RiverTown News
2008January

ADHD Accommodations – Some Useful Sites

I was asked to suggest some sites that I think have decent suggestions for classroom adaptations for Attention-Deficit / Hyperactivity Disorder. I thought it might be helpful to other readers if I posted them here. With all these it’s important to select ideas that are appropriate for your child’s age, developmental level, and characteristics. Remember, you’re the world expert on your kid! If you want to offer suggestions to teachers, it would be helpful to cut and paste accommodations that seem on target, then offer a one-page collection to teachers for their consideration.

Before you check these out, you may want to scroll down through recent posts in the RiverTown News, several of which touch on ADHD or executive function.

The ADHD Information Library is a new Google discovery for me, but their Classroom Tips for Teachers of ADD ADHD Students looks well thought out, with abundant detail and rationale for the suggestions.

Common Sense ADHD School Accommodations by Martin L. Kutscher, MD offers lots of ideas, with useful general principles at the top of this brief excerpt from his ebook. (I haven’t looked at the book.)

ADDinSchool is perhaps a bit commercial, but they’ve got some good ideas here on classroom structure that will benefit many kids.

Some accommodation suggestions from Idaho Special Eduction. These are oriented towards secondary students.

The Child Development Institute has some excellent suggestions. Notice that quite a few of these are structures a willing teacher might choose to set up. You can suggest any of those that might help your child, but such changes to overall structure are for the teacher to select, on the basis of what’s best for the whole classroom.

There are thousands of sites offering accommodations for ADHD. These few seemed to me to be commonsensical, and without a strong commercial agenda. If there are others you like, let us know!

Sleep Deprivation: The Facts, the Effects, What We Can Do

Poudre SD counselors, it’s always a pleasure to meet with you. You had asked Brian, Jennifer and me to talk about current mental health issues in the community. I did a bit of an end run on the assignment. When you are sleep deprived, what are the effects on your behavior? Your emotions? Your ability to learn? Can we call the effects of sleep deprivation a mental health problem? If so, consider: It affects more secondary students than any other single condition. It is the most treatable condition.

The Facts
(See the links below for the details and the research.)

* Teens need more sleep than they did when they were younger or than they will as adults.

* Circadian rhythms change in adolescence: Teens feel sleepy later at night; they feel wakeful later in the morning. The pattern is physiologically driven; it isn’t a cultural effect.

* Most adolescents start their school day earlier than elementary students in the same district. This is backwards.
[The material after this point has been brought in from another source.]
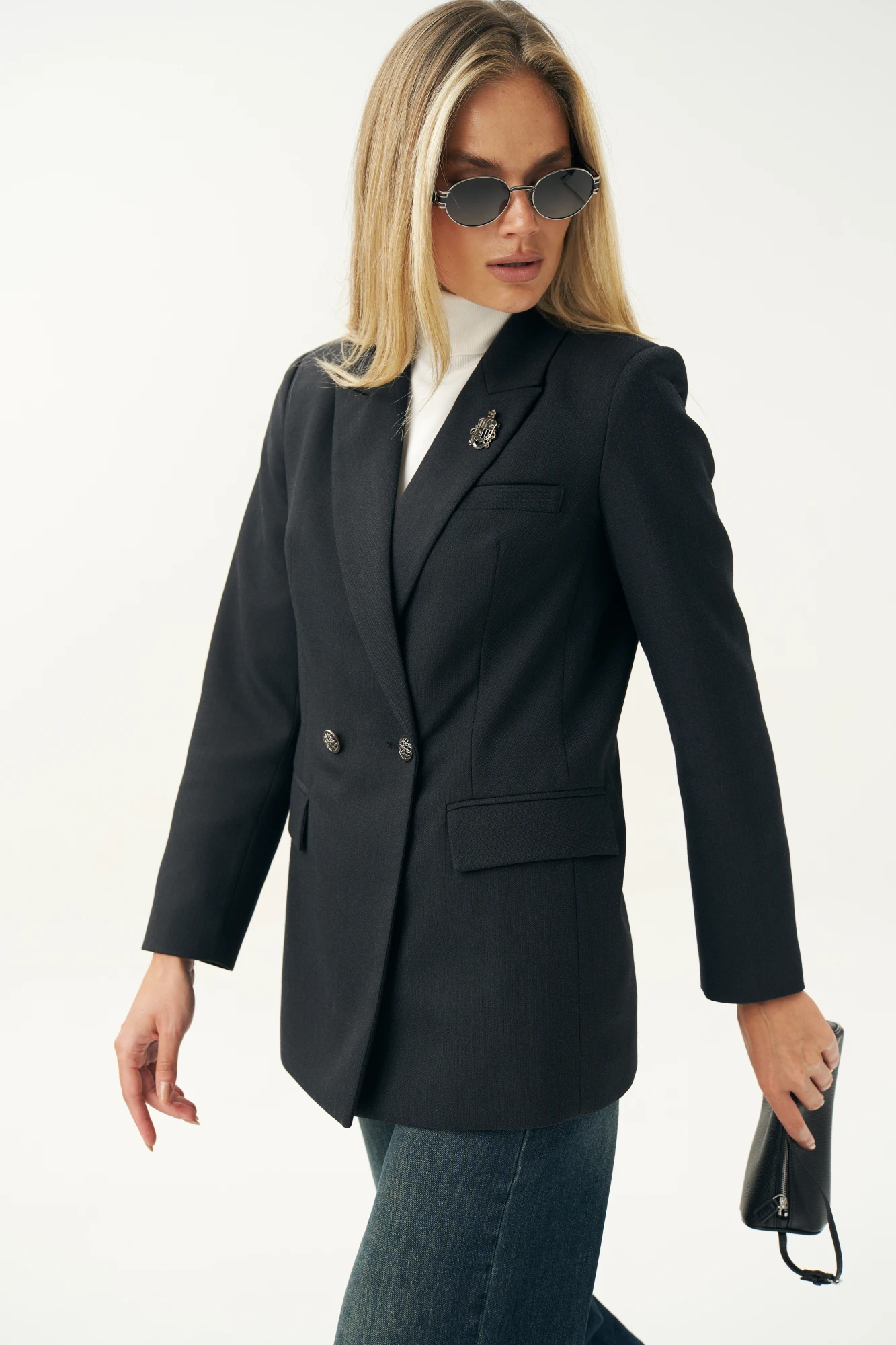 Длина жакета по среднему шву спинки – 74,5см (±2,0 см), Ширина на уровне глубины проймы – 58,0 см (±1,0 см), Ширина на уровне линии талии – 57,0см (±1,0 см), Ширина на уровне линии бедер – 63,0 см (±1,0 см), Длина рукава – 61,0 см (±1,0 см), Ширина рукава вверху – 20,5 см (±1,0 см), Ширина рукава внизу - 14,5 см (±0,5 см), Длина плеча – 12,2 см (±0,5 см).

* As a result, U. S. adolescents are frequently sleep deprived. In one study, almost half of the students who began school at 7:20 were “pathologically sleepy” at 8:30, falling directly into REM sleep in an average of only 3.4 minutes–a pattern similar to what is seen in patients with narcolepsy.

The Effects
Sleep deprivation causes or is a causal factor in:
* Reduced alertness, concentration, cognition, memory, and understanding

* Poorer grades (and it appears that even 25 minutes less sleep correlates with grade swings)

* Traffic accidents

* Disciplinary problems

* Associations with depression and ADHD characteristics

* Difficulty controlling emotions and impulsivity.

What can we do about it?

* We can urge districts to respond to the science and start the secondary school day later. It sounds difficult: bus schedules, athletics, disruption of activities… In fact, many districts have made the change, with good academic results. (How logical is it to have a flat out focus on academic results, and systematically reduce the learning effectiveness of your students?)

* We can encourage late starts for students who are clearly not functional first and second periods.

* We can encourage good sleep hygiene, to help kids make the best of a bad situation. Bed is for sleeping, not for eating, TMing, gaming, watching TV, etc.

* We can explain that there is some evidence that the blue screens of monitors and TVs inhibit the production of melatonin. Light at that “blue” frequency tells the brain it’s daytime. Getting off screen an hour or more before bedtime may be helpful.

* We can help academically oriented teens who prepare for exams by studying far into the night realize that it may be better to be sharp in the morning than to study on. But there’s more: the hippocampus transfers new learning into long-term memory, and integrates it with other knowledge. When? During sleep. Learning without “sleeping on it” is pouring hard-earned knowledge into a sieve.

* A bandaid solution: Zombie Naps



Here are my earlier, more detailed posts about sleep deprivation in teens:

The meat of it: Walking Zombies – Adolescent Sleep Deprivation

An ‘07 update: Teen Sleep



Here’s an article, The Early Bird Gets the Bad Grade which suggests some positive benefits of late start beyond a good night’s sleep for students.

Update: The NY Times followed that Op-Ed with an editorial: Are You Up Yet?.
So which is it we should focus: bus and athletic schedules, or kids as learners?